I also wrote ...il tuo since it sounded as though the article was present - apparently not.

August 27, 2014

https://www.duolingo.com/irinouaa.p

,why tuo and not tue?

October 11, 2014

https://www.duolingo.com/Rae.F
  • 1948

"Il bicchiere" is masculine and singular, which "tuo" agrees with. "Tue" would be for feminine and plural.

October 11, 2014

https://www.duolingo.com/Germanlehrerlsu

D'accordo. That makes tuo us.

October 11, 2014

https://www.duolingo.com/Germanlehrerlsu

b/c bicchiere is a masculine noun.

October 11, 2014

https://www.duolingo.com/Elenalnta1

could we also say: "è il tuo bicchiere" ?

February 19, 2016

https://www.duolingo.com/Rae.F
  • 1948

Both "Il bicchiere è tuo" and "È il tuo bicchiere" are both valid sentences, but they're subtly different due to their different grammatical structures. They are not perfectly interchangeable, especially in translation lessons.

"Il bicchiere è tuo" is "The glass is yours", where "the glass" is the noun phrase as the subject and "yours" is the possessive pronoun as the subject complement.

"È il tuo bicchiere" is "It is your glass", where in English there's a pronoun as the subject and in Italian the subject is implicit, and "il tuo bicchiere" is the noun phrase as the subject complement.

February 19, 2016

https://www.duolingo.com/Germanlehrerlsu

Yes, but as written it'd be an incomplete sentence. Maybe: Questo/Quello è il tuo bicchiere".

February 19, 2016

https://www.duolingo.com/Rae.F
  • 1948

Italian (and Spanish, for that matter) allow the subject pronoun to be dropped if it's unambiguous. "È il tuo bicchiere" is not an incomplete sentence.

Also, "questo" or "quello" are specific demonstratives and cannot be substituted for "it".

February 19, 2016

https://www.duolingo.com/Caleb829123

Grammarically correct. Just don't forget to write the subject in eglish, otherwise it is fragmental.

January 27, 2018

https://www.duolingo.com/Germanlehrerlsu

Rae.F. It's the lack of capitalization of "è ... that made me consider it a fragment. It struck me that a noun or demonstrative needed to precede the verb, for it to not sound incomplete. Also as pronouns, the demonstratives can stand alone as subjects: Questa è mia moglie; Questo è mio marito, etc.

February 19, 2016

https://www.duolingo.com/Rae.F
  • 1948

Lack of capitalization does not cause something to be a fragment. By that logic, "it is your glass" is a fragment.

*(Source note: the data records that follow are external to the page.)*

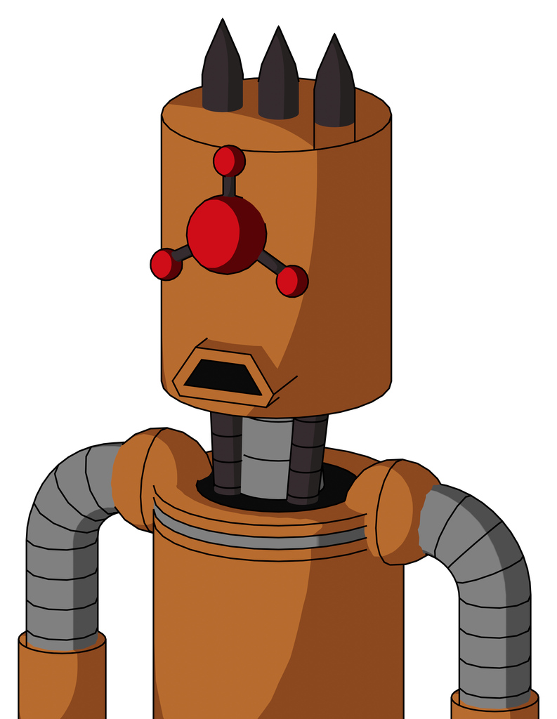 Orange Robot With Cylinder Head And Sad Mouth And Cyclops Compound Eyes And Three Dark Spikes
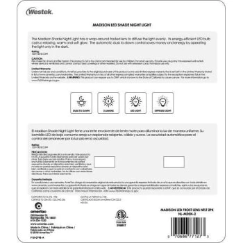 - DUSK TO DAWN – Light operates only in low to no light conditions
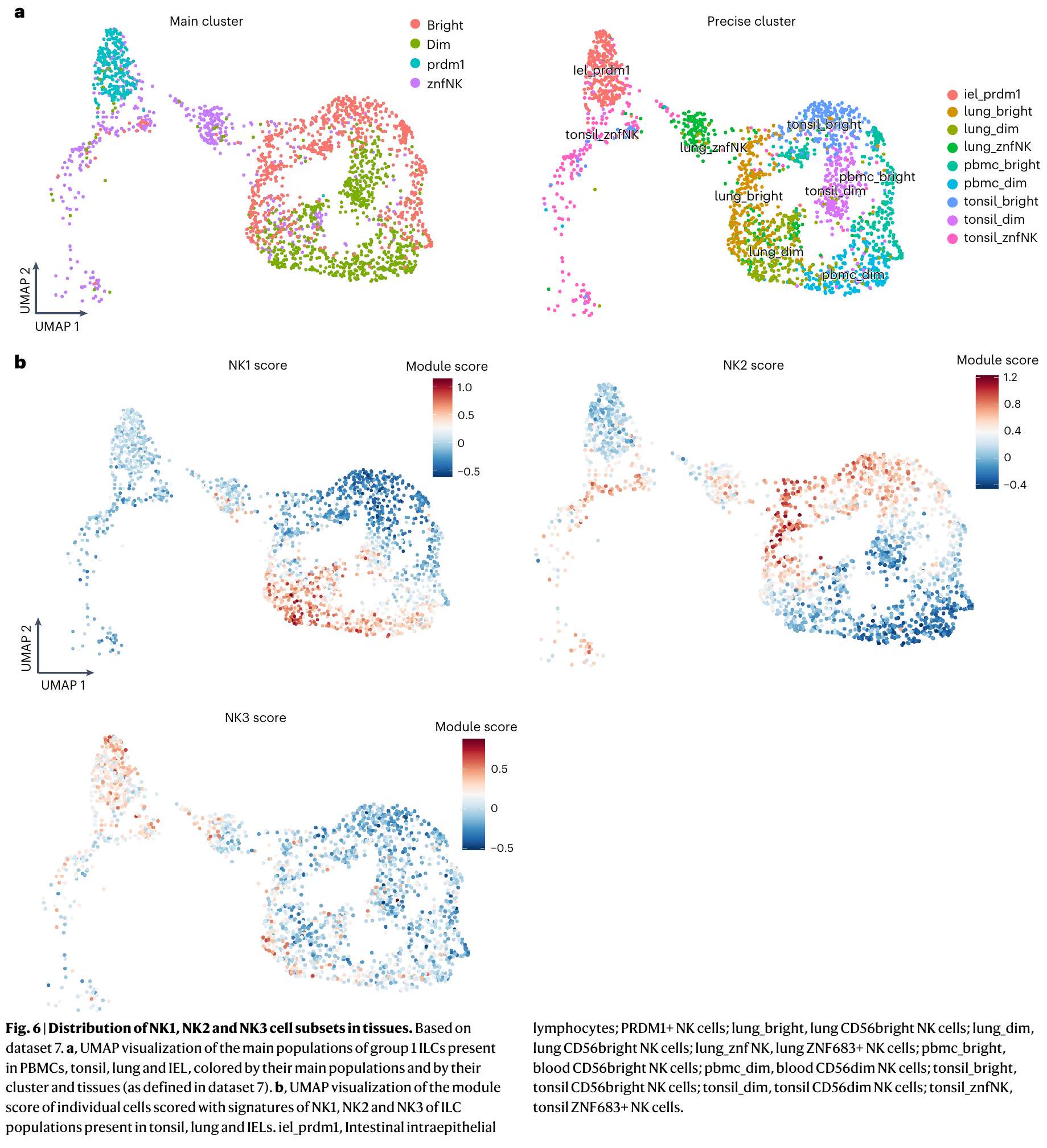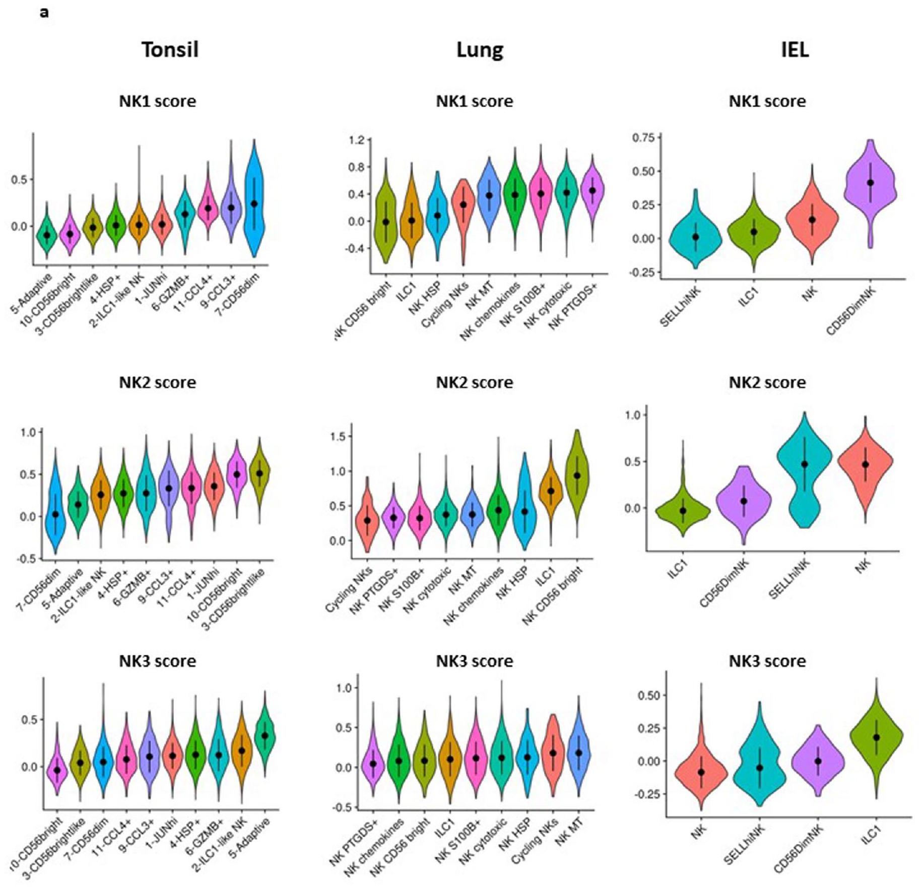 تظهر بياناتنا أيضًا أن ملفات الجينات لمجموعات NK1 و NK2 و NK3 تمتد إلى ما هو أبعد من الدم المحيطي للأفراد الأصحاء، مما سمح لنا بوصف تباين خلايا NK في الأنسجة. في الواقع، تمكنا من تحديد مجموعات خلايا NK1 و NK2 و NK3 في الرئة واللوزتين و IELs. كما تم توضيح أهمية ملفات NK1 و NK2 و NK3 من خلال التمييز بين مجموعات خلايا NK المتسللة إلى الأنسجة و ILC1s.
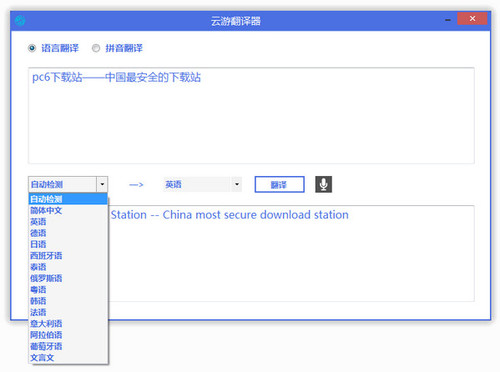 云游翻译器 2.0 官方版免费姹紫嫣清香鲜嫩心灵手巧红39. 谁都不喜爱负债,因此,这天得到你恩惠的人,很可能是以后最恨你的人!有句名言说道:风暴使树木深深扎根。205.世有伯乐,然后有千里马,千里马常有,而伯乐不常有。《杂说四?马说》 云游翻译器是一款多功能的翻译软件,支持多种语言翻译和拼音翻译,还支持朗读功能。简洁清新的软件界面,流畅的体验,拥有这样一款翻译工具更有效的助力于你的工作和学习。  使用说明 1、下载解压打开并安装这款桌面翻译工具; 2、输入需要翻译的内容,软件会自动检测语言类型;  软件截图2 3、选择翻译结果要显示的语言;  软件截图3 4、点击“翻译”即可。  软件截图4 更新日志 2.0更新内容: 1)、全新设计界面 2)、重新架构程序 3)、修正两个错误
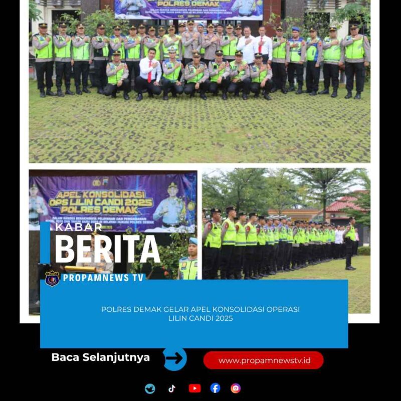 Demak //propamnewstv.id – Polres Demak menggelar Apel Konsolidasi Operasi Lilin Candi 2025 sebagai penanda berakhirnya rangkaian pelayanan dan pengamanan perayaan Natal 2025 serta Tahun Baru 2026 di wilayah hukum Polres Demak. Kegiatan tersebut berlangsung di Lapangan Wicaksana Laghawa Mapolres Demak, Senin (5/1/2026).
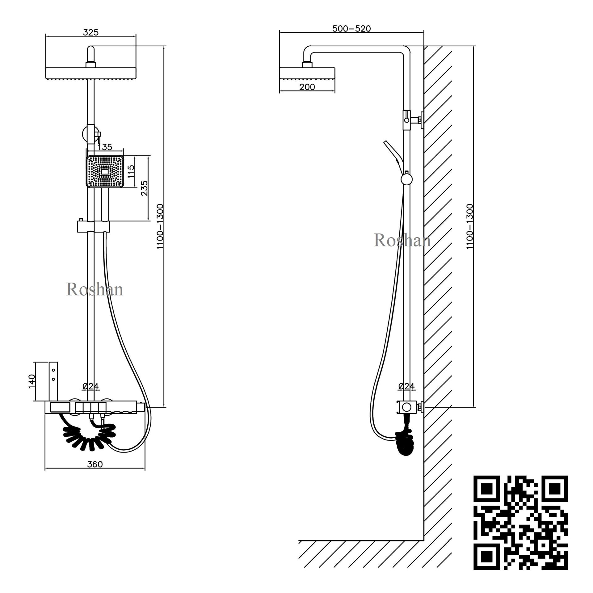 Bộ sen cây mặt kính có khoá nhiệt và hiển thị nhiệt độ Roshan Premium R20228-2
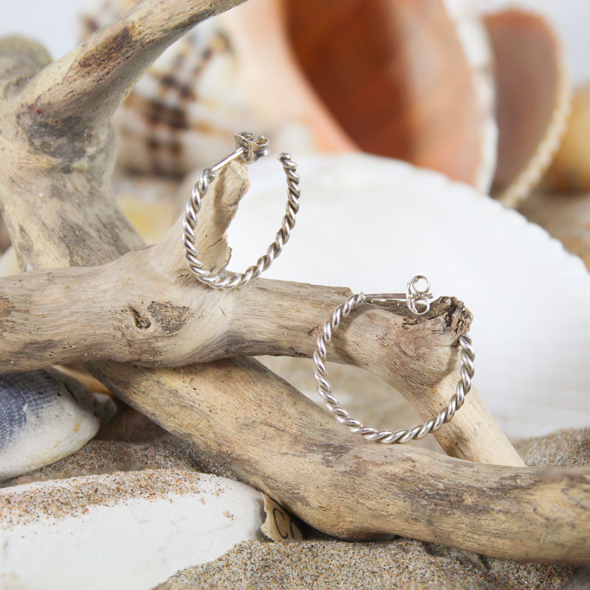 Crafted from twisted sterling silver, these elegant open hoop earrings are inspired by the halyard ropes used to hoist sails and flags—symbols of strength and connection.
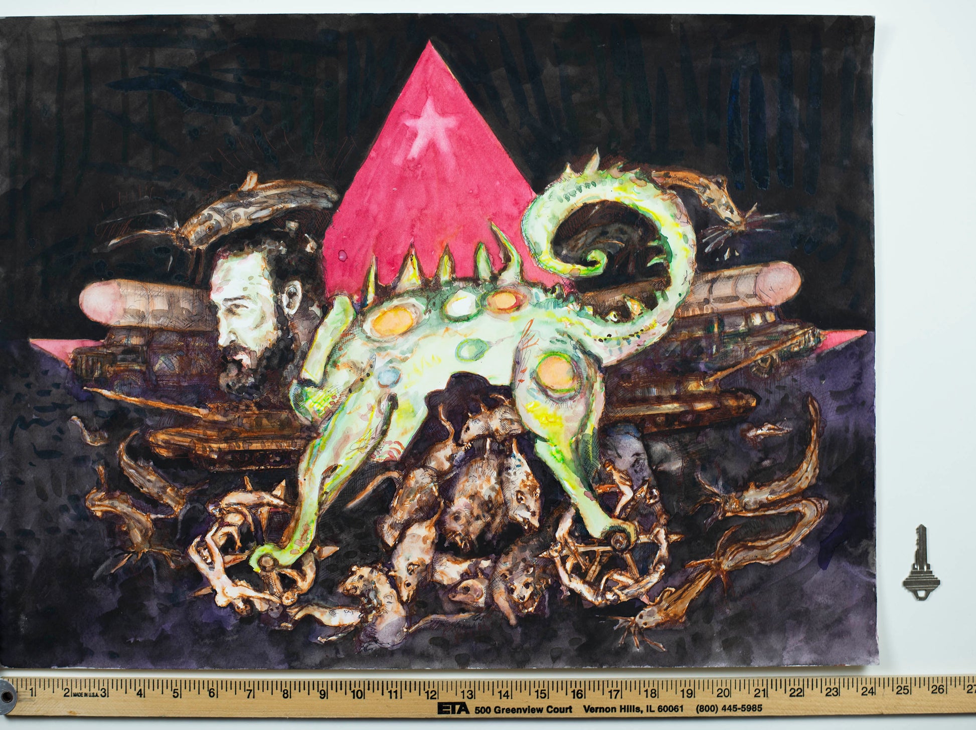 Experience the power of creative rebellion with this stunning original drawing that captures mystical energy and artistic freedom. This one-of-a-kind piece features a compelling narrative of a bearded mystic figure alongside a supernatural octopus creature, crowned by a powerful red triangle symbolizing transformation and rebellion.

Orthography and grammar are two very different things. Orthography is nothing more than the marks we make in a physical medium to symbolically convey the sounds that come out of our mouths. Grammar is the rules that emerge from the sounds we make.

February 19, 2016

https://www.duolingo.com/Germanlehrerlsu

That's all true, and to support your point, I'd cite avant garde poetry that's done away with capitalization and other conventional grammatical markers. My only point was that when I first commented it was precisely that lack of capitalization that implied to me that something was perhaps missing from the question: "X è il tuo bicchiere", as in " Questo vaso è il tuo bicchiere" or even "Questo è il tuo bicchiere," using a demonstrative pronoun.

February 19, 2016

https://www.duolingo.com/Rae.F
  • 1948

My only point was that when I first commented it was precisely that lack of capitalization that implied to me that something was perhaps missing from the question

I understand your point. However, I believe it is incorrect.

February 19, 2016

https://www.duolingo.com/RonCousino

Non capisco quando le parole sono mie invece di " le mie"

August 23, 2018

https://www.duolingo.com/Rae.F
  • 1948

I'm going to assume you're an English speaker asking the question in Italian.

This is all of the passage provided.